Показательна в этом отношении оценка войск союзников Германии, приводимая В. Адамом. "Что мы знали о союзных армиях? Нам было известно, что незадолго до летнего наступления 1942 года их начали формировать в отдельные армейские соединения. Боевой опыт имела только ничтожная часть войск, заново сформированных в тылу группы армий "Юг" (с 7 июля 1942 г. группа армий "Б"). Их оснащенность была недостаточной. Румыния и Венгрия зависели целиком, а Италия- частично от германской военной промышленности.

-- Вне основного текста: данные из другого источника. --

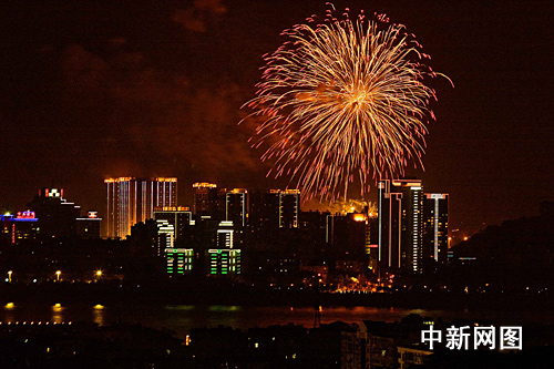 长江之中烟火美轮美奂。 王彬摄
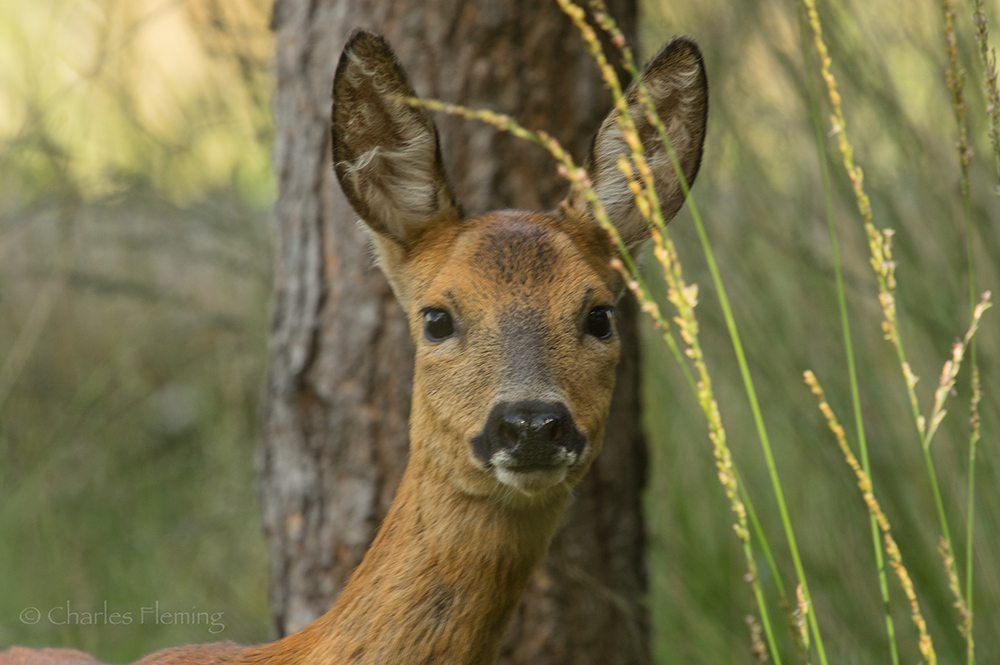 The European roe deer (Capreolus capreolus) is now a common species here in the UK. When I was growing up in the 1950's they were rare and now it always excites me when I see one. Whilst trying to photograph the woodpeckers in Haldon Forest recently, I have regularly encountered them and I decided to make an effort to get some good photographs. I purchased a Buttolo call which is basically a squeaky toy that imitates the voice of the Deer. I had seen this on You Tube and it looked very promising. When the package arrived in the post I couldn't wait to try it out. I was quite optimistic but sceptical to be honest, but I had nothing to lose. I arrived in the forest yesterday morning and as luck would have it a deer was in the distance feeding amongst the long grass. It popped its head up and I froze and then managed to tuck myself behind a stout tree. The doe carried on feeding and with the wind blowing towards me everything was fine. It was time to use the Buttolo call! The first squeak made the doe immediately raise its head and stare in my direction but when I repeated it she put her head down and seemed to ignore me, disappointment! I carried on as per the instructions and what happened next was staggering. Suddenly another doe appeared bounding through the long grass and over the dead branches towards me. Then very purposefully she continued in my direction. She kept coming and kept coming until she was literally just 10 feet from me. She had been attracted to the call which had been imitating a young fawn, they are left in the long grass by their mothers when they go off to feed. Being this close to the doe was a lovely encounter. It made me realise how vulnerable they are and how easy it would be for a poacher to do his worst. I took some lovely frame filling shots with the camera that literally filled the frame as the doe realised I was there and bounded away to relative safety and disappeared from view.
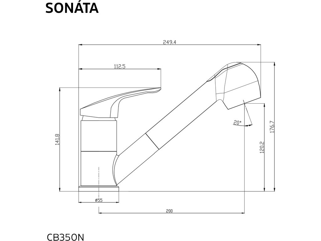 Mereo Dřezová stojánková baterie, Sonáta, s výsuvnou sprchou, chrom CB350N
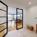 Centrally positioned within the property, the entrance hall provides access to all principal rooms. White panelled doors open to the bedrooms, bathroom, and a separate shower room with WC, while contemporary glazed aluminium double doors lead through to the spacious open-plan living area. The floor is finished with grey timber-effect ceramic tiles, and the walls are neutrally decorated with perimeter ovolo coving. A large recessed area provides useful space for coats and boot storage.
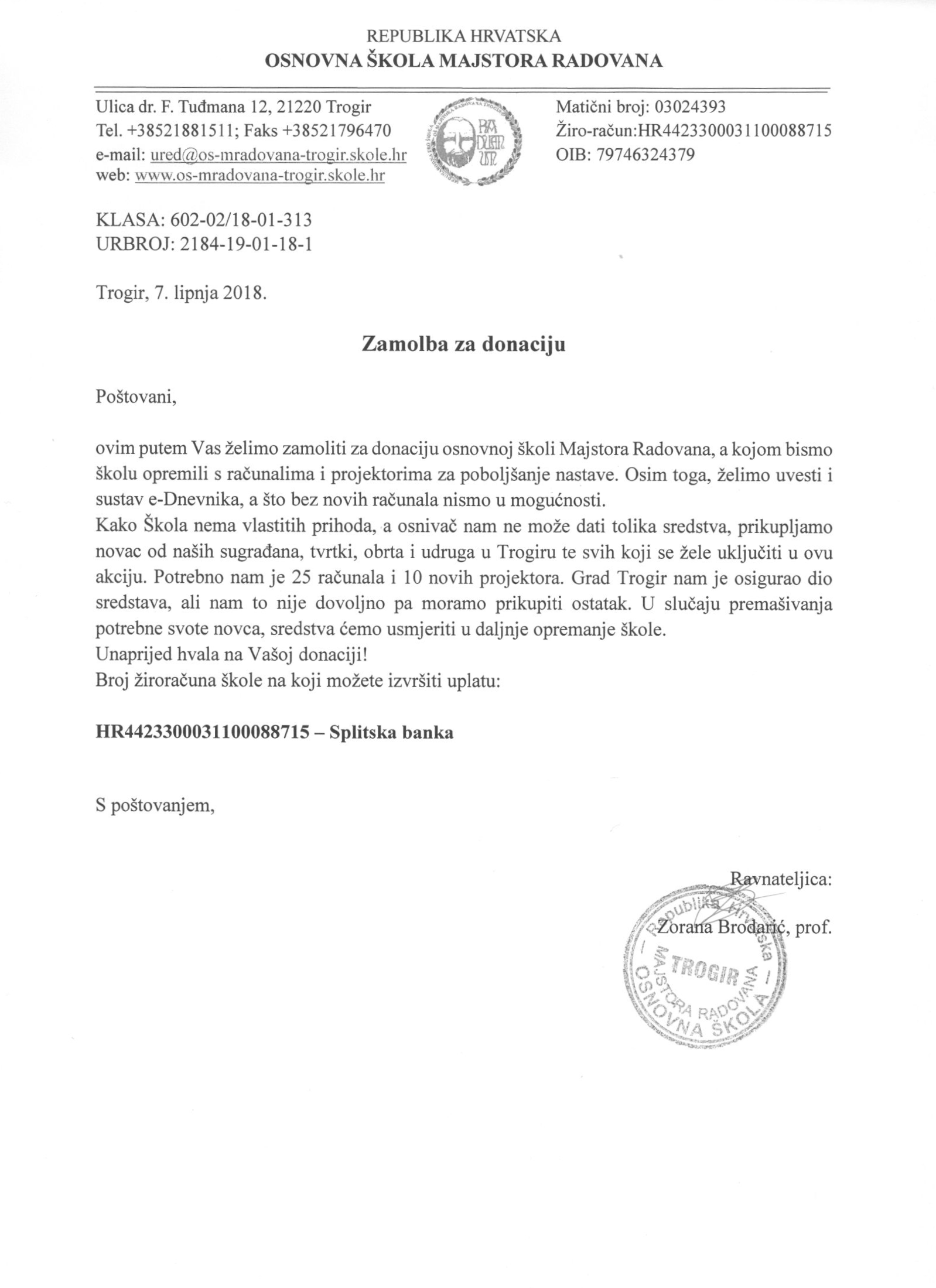 Za dodatne upite obratite nam se putem maila: ured@os-mradovana-trogir.skole.hr
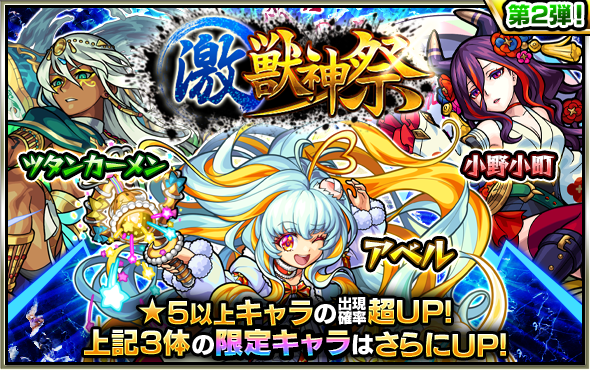 激・獣神祭限定キャラクターの「アベル」「カエサル」「ツタンカーメン」「ワタツミ」「小野小町」「弁財天」「ミロク」「ワルプルギス」「ナイチンゲール」「妲己」も排出されます!
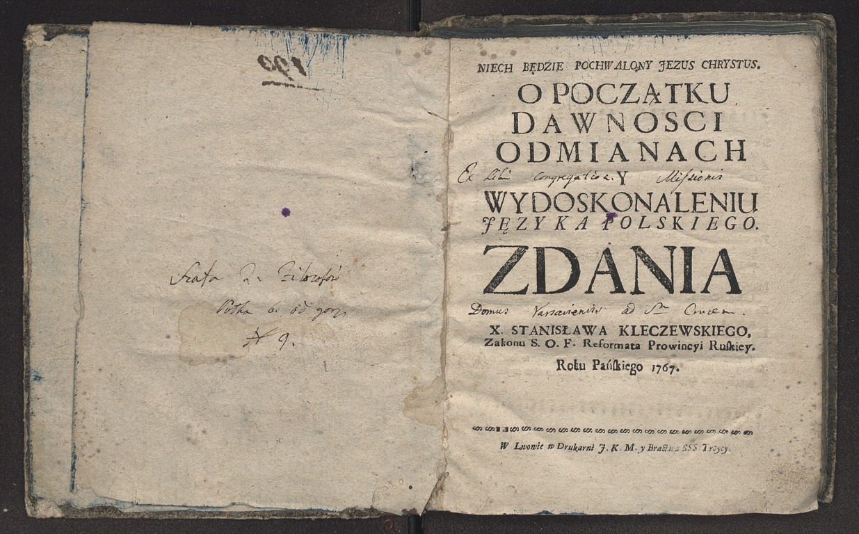 Stanisław Dominik Kleczewski, "O początku, dawnosci, odmianach y wydoskonaleniu jezyka ..." (strona tytułowa), [online] Warszawa: Narodowy Instytut Audiowizualny [dostęp 02.04.2026]. Dostępny w internecie: http://www.ipsb.nina.gov.pl/a/foto/stanislaw-dominik-kleczewski-o-poczatku-dawnosci-odmianach-y-wydoskonaleniu-jezyka-polskiego-zdania-x-stanislawa-kleczewskiego-strona-tytulowa

Какой смысл имело требовать, чтобы на северном фланге главное внимание уделялось противотанковой обороне, если у союзных армий полностью отсутствовали эффективные противотанковые средства. Так например, румынская танковая дивизия располагала только легкими чехословацкими и французскими трофейными танками. По сравнению с немецкими дивизиями боевая мощь союзников равнялось только 50- 60 процентам"{25}.
Адам отмечает и влияние морального фактора. Он пишет, что дело было не столько в оружии, сколько в солдатах, которые это оружие применяли. Румынские солдаты храбры, дисциплинированны, неприхотливы. Большинство из них были крестьяне, и, быть может, они надеялись, что хоть когда-нибудь станут "свободными" крестьянами. "В старой помещичьей Румынии это было невозможно. Но зачем нужна румынскому солдату-крестьянину земля между Доном и Волгой? К тому же в румынской армии существовали такие неслыханные порядки, как физическое наказание"{26}.
То же он говорит и о венграх, итальянцах. "На моральное состояние итальянцев, бесспорно, влияло то, что они живут еще дальше от Советского Союза, чем румыны и венгры. Если от Бухареста до Волги 1500 а от Будапешта до нее - 1900 километров, то римляне или миланцы должны были драться на расстоянии почти в 3000 километров от своей родины. Во имя чего? Во имя "Великой Германии"? Вполне понятно, что их это не слишком привлекало.
Реакция же германского верховного главнокомандования на недостатки союзников была такова, что только усиливала их недоверие. Как уже говорилось выше, снабжение союзников тяжелым оружием и большей частью снаряжения зависело почти исключительно от Германии. А фактически они получали от нее весьма мало"{27}.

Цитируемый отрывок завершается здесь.